Acabo de leer Balún Canán. Rosario Castellanos no nos introduce, como sugieren algunos, en el mundo desconocido y seductor del indigenismo mexicano que añoran los antropólogos. La mujer es más ambiciosa, se propone sacudir la miopía y descubrir la agonía de nuestro mestizaje inconcluso. ("Humphrey, 'sacudir la miopía' es una metáfora muy primitiva". -¿Por qué no te callas el hocico?-)

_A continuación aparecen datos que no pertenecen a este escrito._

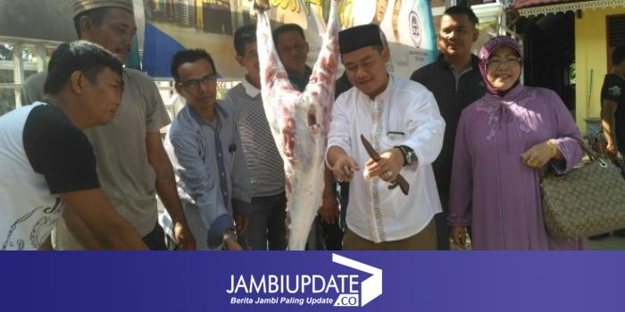 Minggu (3/9), 1 ekor sapi dan 1 ekor kambing dipotong bertempat di halaman kantor Gapensi Kota Jambi di Keluharan Handil Jaya, Kecamatan Jelutung, Kota Jambi.

En poco más de un siglo, México ha logrado su Independencia política del extranjero, ha despejado los límites entre la autoridad religiosa y la política mediante la Reforma y ha emprendido, con la Revolución, su camino propio en pos de la justicia y la democracia. Es el período del General Lázaro Cárdenas, que expropia el petróleo y se propone poner en marcha la reforma agraria, el que enmarca a Balún Canán, un microcosmos inédito en el que se encuentran dos culturas, separadas por el idioma, las costumbres y el color de la piel. El espacio, un Comitán que parece no haber conocido a la Revolución; un último reducto que se llama Chactajal.

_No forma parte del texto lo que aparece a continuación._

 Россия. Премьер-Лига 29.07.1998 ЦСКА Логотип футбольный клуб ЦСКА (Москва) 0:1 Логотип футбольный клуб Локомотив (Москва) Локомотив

Rosario Castellanos ha secuestrado a una niña de siete años para obligarla ser su testigo. La obligará a relatarnos cómo vive las contradicciones de raza y de clase que tuvieron lugar en Chiapas, aproximadamente en los años treinta del siglo XX.

Mediante el diálogo y sus reflexiones, la niña nos dibuja su propia figura y la de la nana, una indígena "in edad y sin rostro" que, paradójicamente, representa su seguridad y una visión del mundo en la que orbita la figura del indígena, cuajada de mitos y leyendas como la del Dzulúm, el demonio indígena, tan corrosivo como todos los demonios occidentales. Luego va configurando la escuela, la cosecha, el circo –un extraña metáfora de aquellos que regresan-, el terrateniente y varios etcéteras.

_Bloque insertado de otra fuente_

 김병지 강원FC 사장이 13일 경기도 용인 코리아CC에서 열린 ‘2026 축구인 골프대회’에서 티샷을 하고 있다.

Cuadros breves y redondos nos presentan la turbia intimidad de las relaciones sociales: la altivez del amo, la actitud apocada de la servidumbre, la contradicción de ser indio y servil en un mundo que le ha sido arrebatado. La estupidez de proclamarse superior, el desgano de sentirse menos.

La instrucción del presidente Cárdenas es clara: la educación gratuita debe llegar a cada rincón de la República; todo ordenamiento gubernamental es visto por los terratenientes como una amenaza contra su preponderancia feudal. César ha de aceptar la disposición, pero será él quien decida qué maestro atenderá a sus indios. Tal responsabilidad recae en Ernesto, hijo bastardo de terrateniente y sobrino carnal de César. Esta bastardía servirá de marco para configurar en Ernesto un mestizo de personalidad contradictoria y resentida.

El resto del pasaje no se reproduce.